# Stoned again!



## Ryan Wern (Dec 3, 2009)

I finished this today. One more stone to build and I'm done! The candles are aged just like the ones on my big monument but for some reason it didn't show up in the pic.


----------



## Sawtooth Jack (Apr 9, 2011)

You've got a nice little graveyard going there. Now all you need is a fence!


----------



## smileyface4u23 (Apr 1, 2008)

Very nice!! I'm jealous and thinking I need a pair of those in my yard!


----------



## Ryan Wern (Dec 3, 2009)

Sawtooth Jack said:


> You've got a nice little graveyard going there. Now all you need is a fence!

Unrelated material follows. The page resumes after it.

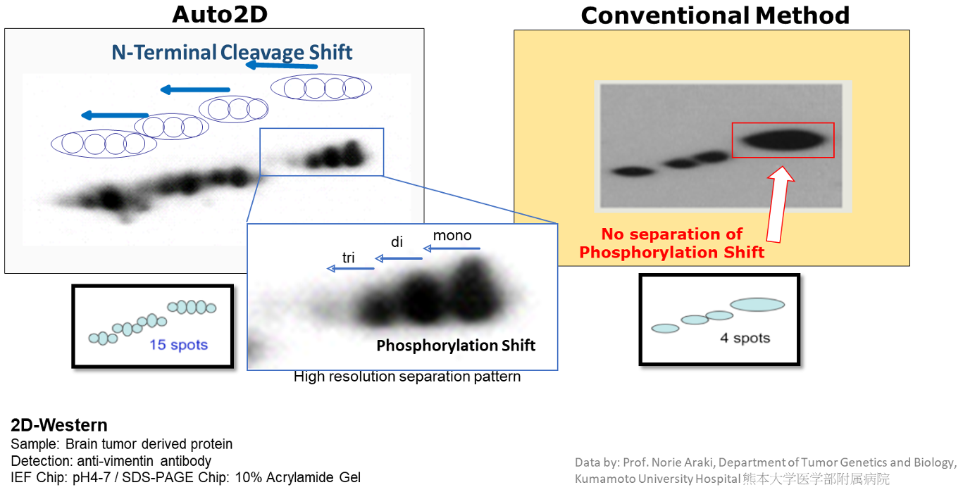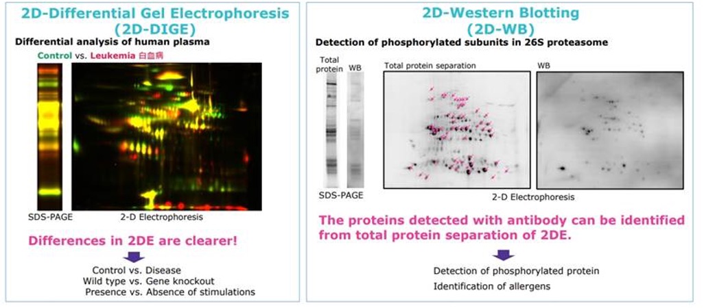 此外,~ 20 μg 的微量樣本分離(可視化點數約為 700 個),可檢測包括轉譯後修飾在內的約5,000種蛋白質(根據免疫印跡的反應性推測)。實現了分離的高分辨率(pH 0.05差異)甚至用於蛋白質磷酸化,這是與細胞調節相關的重要化學變化。

Ya, I know...hopefully I can build one in time. Besides the 3 (maybe 4, I got another statue to use) monuments, I still have 14 foam headstones to work with


----------



## goneferal (Sep 8, 2010)

Wow, you are good.


----------



## trishaanne (Aug 20, 2005)

That looks fantastic. I'll take two please...


----------



## GrimleeFeindish (Jan 23, 2009)

Damn sweet, Ryan those are top drawer. I love them both, very realistic, good paintjob and details. I cant wait to see your entire set up.


----------



## VillaHaunter (Jul 13, 2011)

That looks great. I'll put one on my todo list.


----------



## Howlinmadjack (Jul 20, 2009)

Nice job!!!


----------



## bobzilla (Nov 13, 2008)

Really great work there Ryan!


----------



## Ryan Wern (Dec 3, 2009)

Thanks everyone, glad you like my work. I'm just trying to keep up with all of you!


----------



## Ryan Wern (Dec 3, 2009)

*All my stuff + Headstone speakers*

Here's a pic of everything I've built so far along with a last minute idea I had. I decided to camo some of my speakers to match the headstones. That way I don't have to work as hard to hide them. The speaker on the right has an 8'' woofer in it along with a new tweeter because my ambient sounds are split Left/Right and I needed a better speaker to produce a deep laugh. The old speaker cracked and popped at high volume levels, so it had to go.


----------



## samhayne (Jul 3, 2008)

a lots of details, i love it .. great job !!


----------



## beelce (Jul 21, 2007)

Nice work....................


----------



## scaryjak (Sep 28, 2009)

that's great. would love one like that


----------



## weaz (Sep 11, 2010)

I really like the paint job. It looks very realistic.


----------



## matrixmom (Aug 20, 2011)

Those are great! Really nice job....


----------